*** Block opens ***

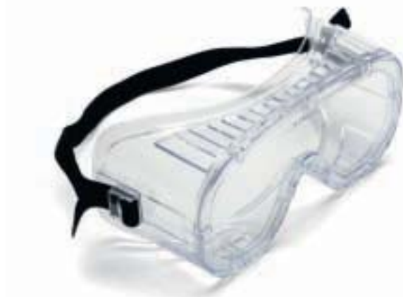
MONTATURA EN 166 34F CE LENTI U1 FN CE
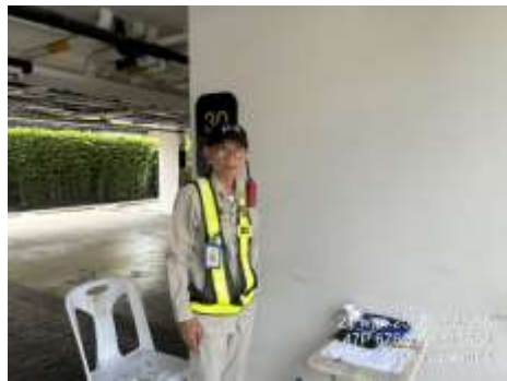
รูปที่ 6 เจ้าหน้าที่รักษาความปลอดภัย
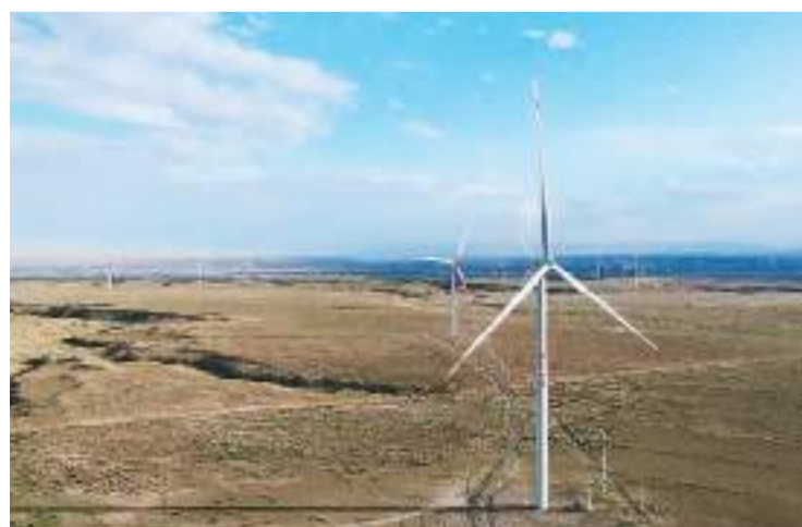
6月26日，在青海省海南藏族自治州共和县拍摄的风力发电机。
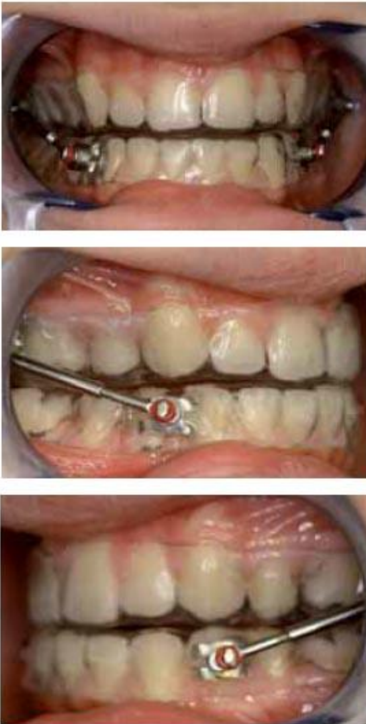
Fig 6 : L'orthèse de contention articulaire (OCA) : elle se compose de deux gouttières. Les attelles latérales maintiennent une légère propulsion (entre deux et trois mm). Elles sont réglables et ajustables par les tiges filetées bilatérales. Son action permet une immobilisation et une véritable décompression des ATM. L'orthèse maxillaire est conçue sur les critères d'une orthèse de "libération occlusale ". Elle peut se désolidariser de la gouttière mandibulaire pour la deuxième phase du traitement. Le traitement
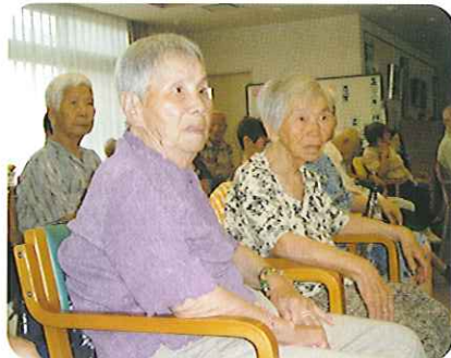
▲どうなってるんだ?

軽快な音楽に合わせて、空っぽの紙袋や箱から、色鮮やかなハンカチ・花束・人形が出てきたり、消えたはずの水が、またコップに現れるなど、次から次へとマジックが披露されました。利用者さんからは歓声と拍手が起きていました。
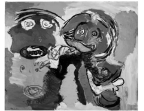
17 Karel Appel, Couple with Dog , 1966, oil on canvas, 190×230 cm
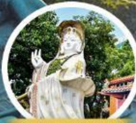
เจ้าแม่กวนอิม รัฟลีส เบย์
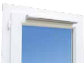
Páraszabályozott légbevezető nyílászáróba építve

A rendszer tökéletes és harmonikus működése érdekében érdemes itt is páraszabályozott, és/vagy mozgásérzékelővel kombinált légelvezető elemeket(2) alkalmazni. A konyhába biztonsági okokból tűzvédelmi légszelepek beépítése javasolt.
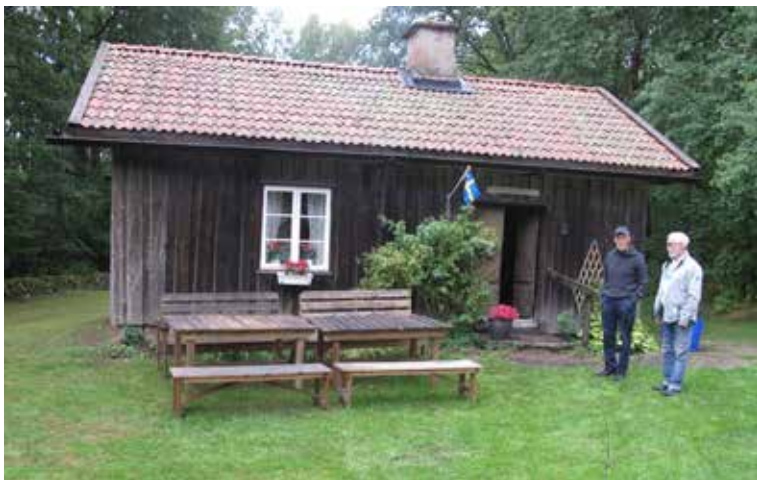
God kvalitet. Hembygdsstugan i Hov har tidigare stått på två andra platser och nu är den hemvist för Hovs Hembygdsförening.
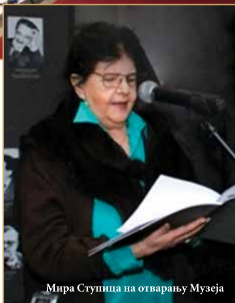
Мира Ступица на отварању Музеја

Р ечима: Имам част да као најстарији члан ове славне и сјајне позоришне куће у Србији објавим - дана, 22. новембра, Музеј Народног позоришта у Београду је отворен, најбоља српска глумица прошлог века Мира Ступица отворила је пре једну деценију, 2010. године, ту институцију, која се налази у реконструисаном простору, у сутерену зграде, у којем је годинама био ресторан „Боеми“.
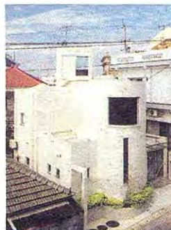
◀東(勝手口)側外観。玄関側とは異なる表情
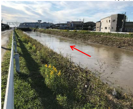
増田川(上増田水位観測所)
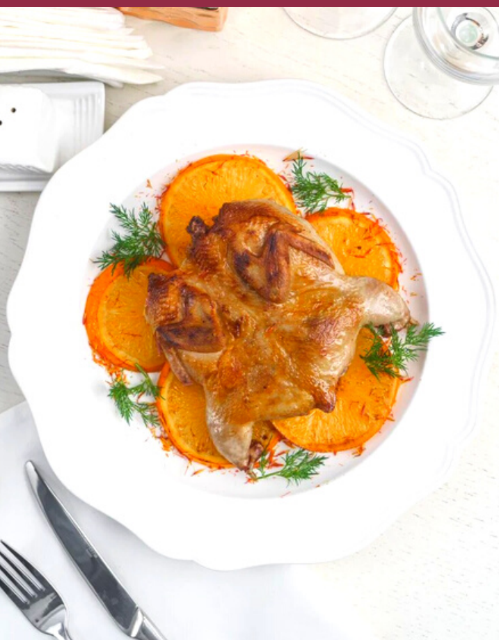
ПЕРЕПЕЛ ГРИЛЬ НА ЦИТРУСОВОЙ ПОДУШКЕ
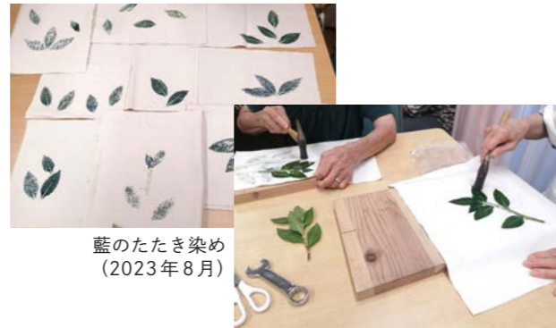
藍のたたき染め (2023年8月)
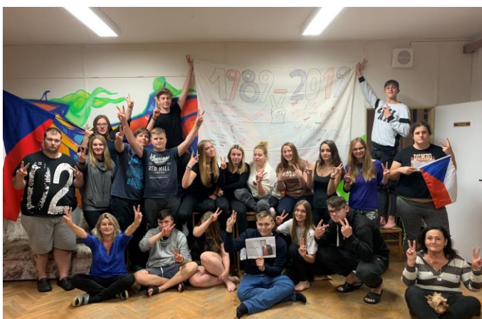
30 LET OD SAMETOVÉ REVOLUCE
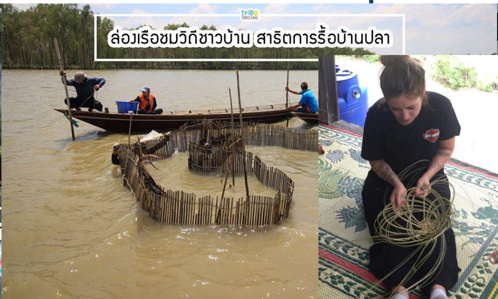
ล่องเรือชมวิถีชาวบ้าน สาริตการรื้อบ้านปลา
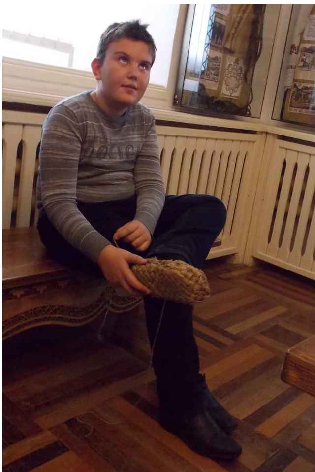
Ох, и лапти хороши! 4В в музее
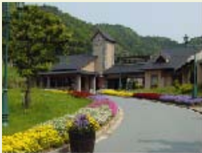
① 神崎農村公園ヨーデルの森 神河の自然や農業を食べて、遊んで、体験できる。 TEL:0790-32-2911
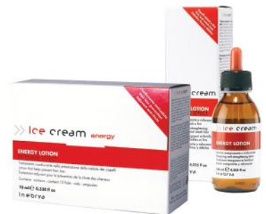
ENERGY LOTION 12 x 10ml 125ml
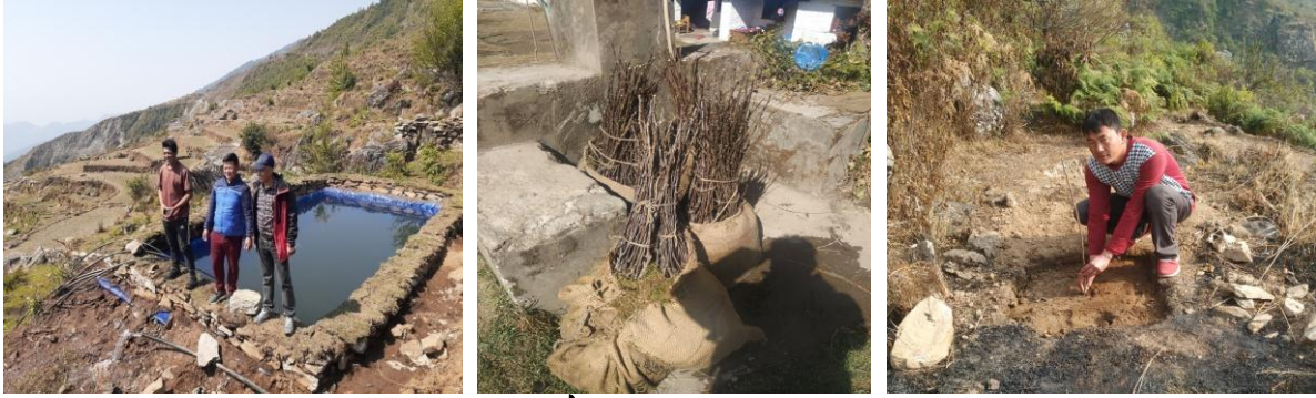
स्याङ ब्लक विकास कार्यक्रम अन्तर्गत नौकुण्ड-१,६, रसुवामा संचालित कार्यक्रमहरुको झलकहरु
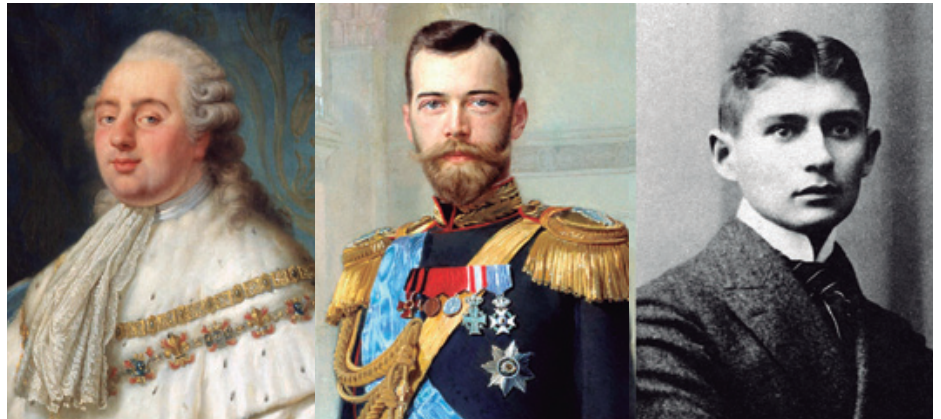
LUIS XVI.AK, NIKOLAS II.AK ETA FRANZ KAFKAK SARRERA BITXIAK IDATZI ZITUZTEN BEREN EGUNKARIETAN UNE HISTORIKO SEINALATUETAN.

Ez zen bera izan egun historikoetan errealtatetik urrun bizi zen monarka bakarria. 1917ko otsailaren 23an -martxoaren 8a, gregoriar egutegiaren arabera- Errusiako Iraultzaren lehen fasea, Otsaileko Iraultza, abiatu zen Petrogrado hiriburuan. Gizonezko gehienak frontera bidaliak zituzten, emakumeek soldata eskasak truke lanaldi luzeak egin behar zituzten fabriketan eta erosteko ahalmenak behera egin ahala, hornikuntza arazoek eta goseak gora egin zuten. Biharamunean errebolta zapaltzeko ahalegin bortitzek ez zuten helburua lortu. Egun batzuk geroago protestak herrialde osoan zabal-
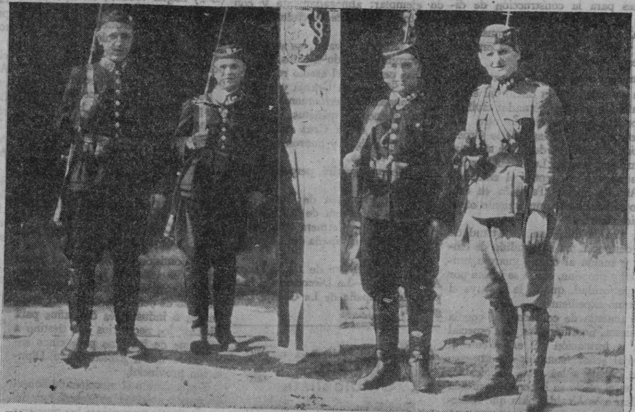
EN LA FRONTERA CHECA.—Gendarmes checos de vigilancia en la frontera con Alemania. En el centro, el poste que marca la divisoria de Alemania y Checoslovaquia

de Mr. Chamberlain a Alemania ha causado gran satisfacción en los Dominios.
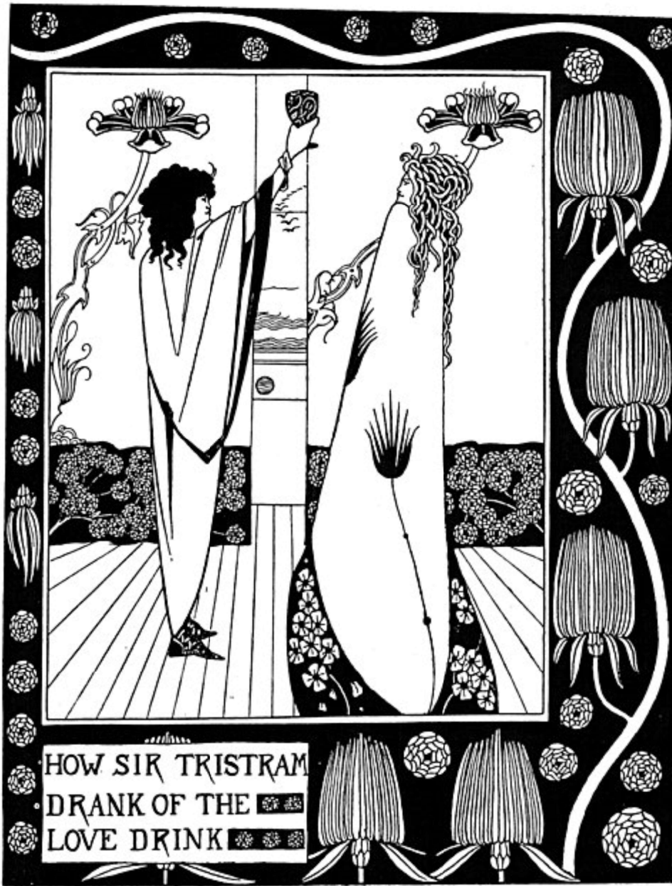
How Sir Tristram Drank of the Love Drink.

Aubrey Beardsley, « How Sir Tristram Drank of the Love Drink »
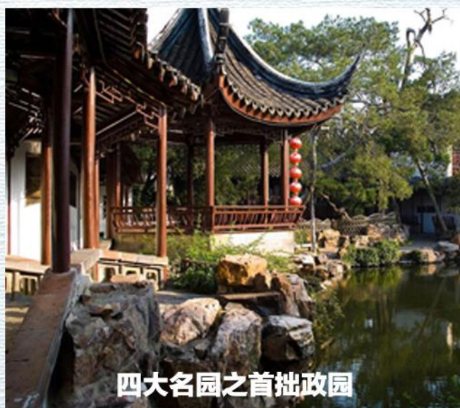
四大名园之首拙政园
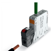
Passage pour conducteur primaire
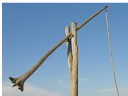
Az eredeti gémeskút • Izvirni vodnjak

A kulturális élet mindig is működött a faluban. Egyesületi minőségben 1980-tól működik a Petőfi Sándor ME, amelynek keretében a Népdkör, a Pünkösdi Rózsa Citerazenekar és a gyermekszekció gondoskodik a falu kulturális életéről.
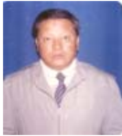
༡༠ ལྷ་རྩེ་ལྷ་མོ་རྩེ་འཛིན་པ། འོས་ཤོག་གཏང་ས། ༢༡༧
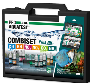
JBL PROAQUATEST COMBISET Plus NH 4 Maletín con los test más importantes + test de NH 4
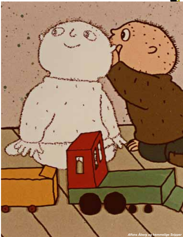
Alfons Åberg og hemmelige Svipper
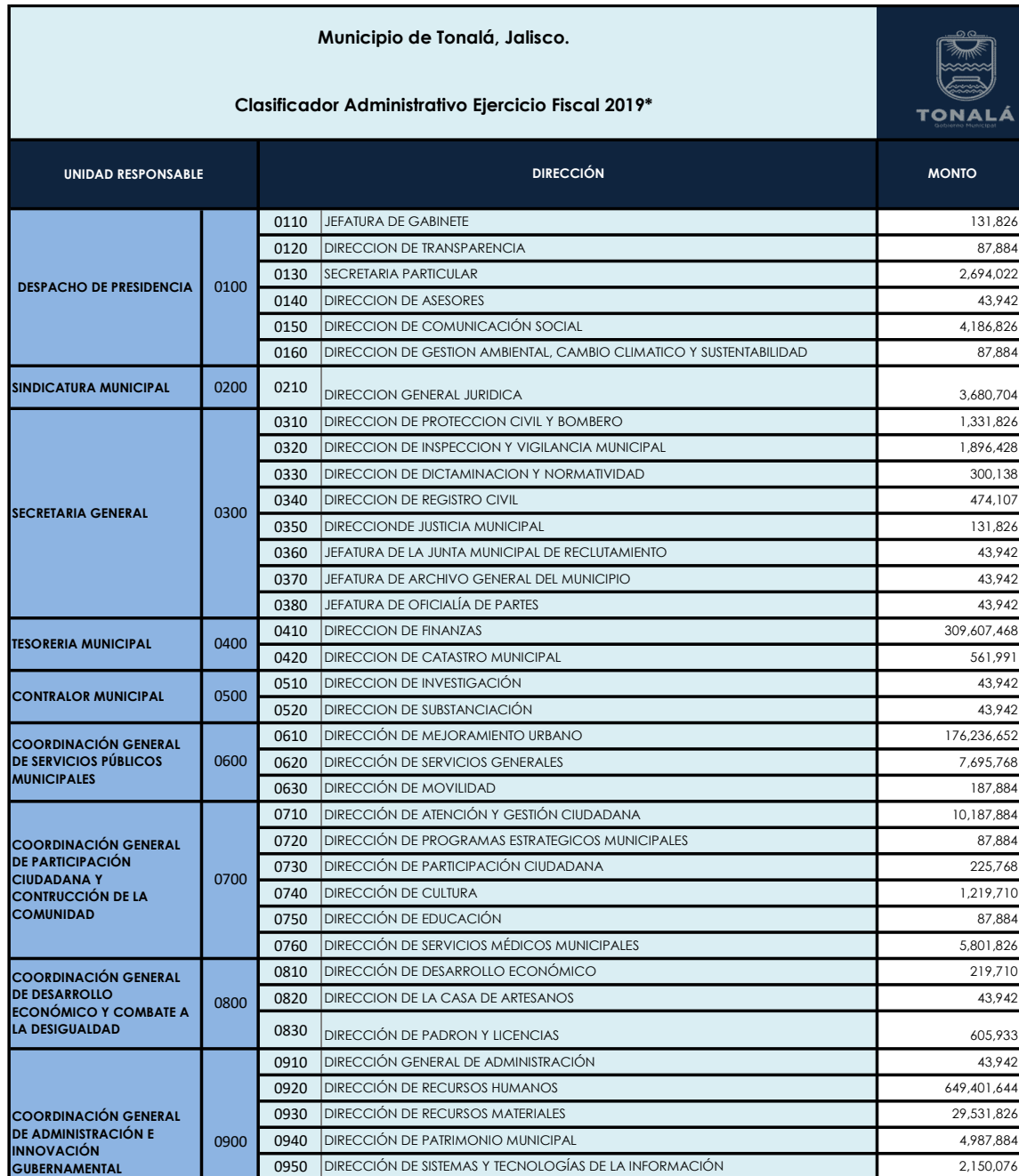
Municipio de Tonalá, Jalisco. Clasificador Administrativo Ejercicio Fiscal 2019*
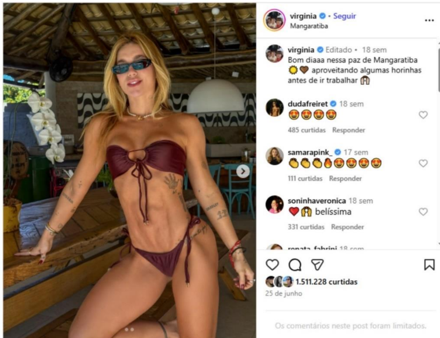
Figura 14 - Foto destacando o corpo da influenciadora (Página Virgínia)
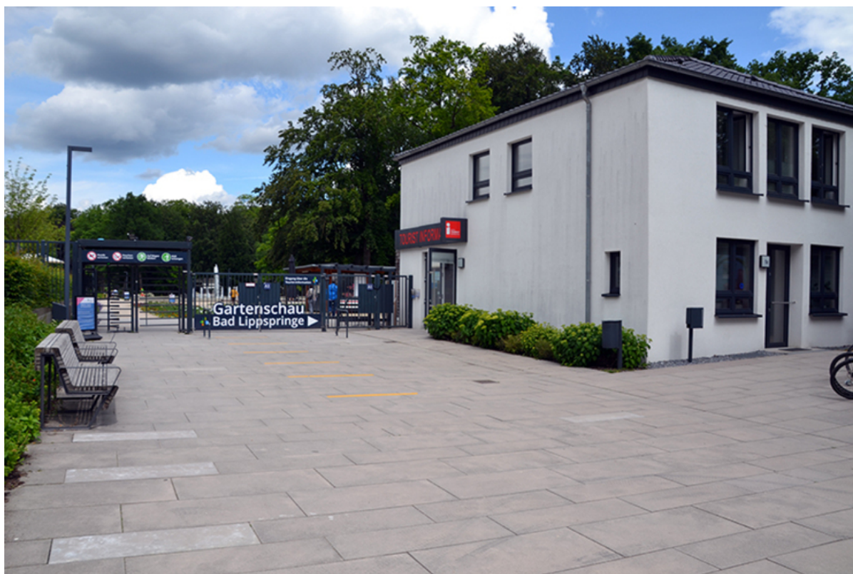
Tourist-Information Bad Lippspringe

*** Block closes ***

• [EXERCISE INSTRUCTIONS] Every line of the material must be repeated exactly; pictures stay out.

• [OUTPUT OF THE TASK]
MONTATURA EN 166 34F CE LENTI U1 FN CE
รูปที่ 6 เจ้าหน้าที่รักษาความปลอดภัย
6月26日，在青海省海南藏族自治州共和县拍摄的风力发电机。
Fig 6 : L'orthèse de contention articulaire (OCA) : elle se compose de deux gouttières. Les attelles latérales maintiennent une légère propulsion (entre deux et trois mm). Elles sont réglables et ajustables par les tiges filetées bilatérales. Son action permet une immobilisation et une véritable décompression des ATM. L'orthèse maxillaire est conçue sur les critères d'une orthèse de "libération occlusale ". Elle peut se désolidariser de la gouttière mandibulaire pour la deuxième phase du traitement. Le traitement
▲どうなってるんだ?

軽快な音楽に合わせて、空っぽの紙袋や箱から、色鮮やかなハンカチ・花束・人形が出てきたり、消えたはずの水が、またコップに現れるなど、次から次へとマジックが披露されました。利用者さんからは歓声と拍手が起きていました。
17 Karel Appel, Couple with Dog , 1966, oil on canvas, 190×230 cm
เจ้าแม่กวนอิม รัฟลีส เบย์
Páraszabályozott légbevezető nyílászáróba építve

A rendszer tökéletes és harmonikus működése érdekében érdemes itt is páraszabályozott, és/vagy mozgásérzékelővel kombinált légelvezető elemeket(2) alkalmazni. A konyhába biztonsági okokból tűzvédelmi légszelepek beépítése javasolt.
God kvalitet. Hembygdsstugan i Hov har tidigare stått på två andra platser och nu är den hemvist för Hovs Hembygdsförening.
Мира Ступица на отварању Музеја

Р ечима: Имам част да као најстарији члан ове славне и сјајне позоришне куће у Србији објавим - дана, 22. новембра, Музеј Народног позоришта у Београду је отворен, најбоља српска глумица прошлог века Мира Ступица отворила је пре једну деценију, 2010. године, ту институцију, која се налази у реконструисаном простору, у сутерену зграде, у којем је годинама био ресторан „Боеми“.
◀東(勝手口)側外観。玄関側とは異なる表情
増田川(上増田水位観測所)
ПЕРЕПЕЛ ГРИЛЬ НА ЦИТРУСОВОЙ ПОДУШКЕ
藍のたたき染め (2023年8月)
30 LET OD SAMETOVÉ REVOLUCE
ล่องเรือชมวิถีชาวบ้าน สาริตการรื้อบ้านปลา
Ох, и лапти хороши! 4В в музее
① 神崎農村公園ヨーデルの森 神河の自然や農業を食べて、遊んで、体験できる。 TEL:0790-32-2911
ENERGY LOTION 12 x 10ml 125ml
स्याङ ब्लक विकास कार्यक्रम अन्तर्गत नौकुण्ड-१,६, रसुवामा संचालित कार्यक्रमहरुको झलकहरु
LUIS XVI.AK, NIKOLAS II.AK ETA FRANZ KAFKAK SARRERA BITXIAK IDATZI ZITUZTEN BEREN EGUNKARIETAN UNE HISTORIKO SEINALATUETAN.

Ez zen bera izan egun historikoetan errealtatetik urrun bizi zen monarka bakarria. 1917ko otsailaren 23an -martxoaren 8a, gregoriar egutegiaren arabera- Errusiako Iraultzaren lehen fasea, Otsaileko Iraultza, abiatu zen Petrogrado hiriburuan. Gizonezko gehienak frontera bidaliak zituzten, emakumeek soldata eskasak truke lanaldi luzeak egin behar zituzten fabriketan eta erosteko ahalmenak behera egin ahala, hornikuntza arazoek eta goseak gora egin zuten. Biharamunean errebolta zapaltzeko ahalegin bortitzek ez zuten helburua lortu. Egun batzuk geroago protestak herrialde osoan zabal-
EN LA FRONTERA CHECA.—Gendarmes checos de vigilancia en la frontera con Alemania. En el centro, el poste que marca la divisoria de Alemania y Checoslovaquia

de Mr. Chamberlain a Alemania ha causado gran satisfacción en los Dominios.
How Sir Tristram Drank of the Love Drink.

Aubrey Beardsley, « How Sir Tristram Drank of the Love Drink »
四大名园之首拙政园
Passage pour conducteur primaire
Az eredeti gémeskút • Izvirni vodnjak

A kulturális élet mindig is működött a faluban. Egyesületi minőségben 1980-tól működik a Petőfi Sándor ME, amelynek keretében a Népdkör, a Pünkösdi Rózsa Citerazenekar és a gyermekszekció gondoskodik a falu kulturális életéről.
༡༠ ལྷ་རྩེ་ལྷ་མོ་རྩེ་འཛིན་པ། འོས་ཤོག་གཏང་ས། ༢༡༧
JBL PROAQUATEST COMBISET Plus NH 4 Maletín con los test más importantes + test de NH 4
Alfons Åberg og hemmelige Svipper
Municipio de Tonalá, Jalisco. Clasificador Administrativo Ejercicio Fiscal 2019*
Figura 14 - Foto destacando o corpo da influenciadora (Página Virgínia)
Tourist-Information Bad Lippspringe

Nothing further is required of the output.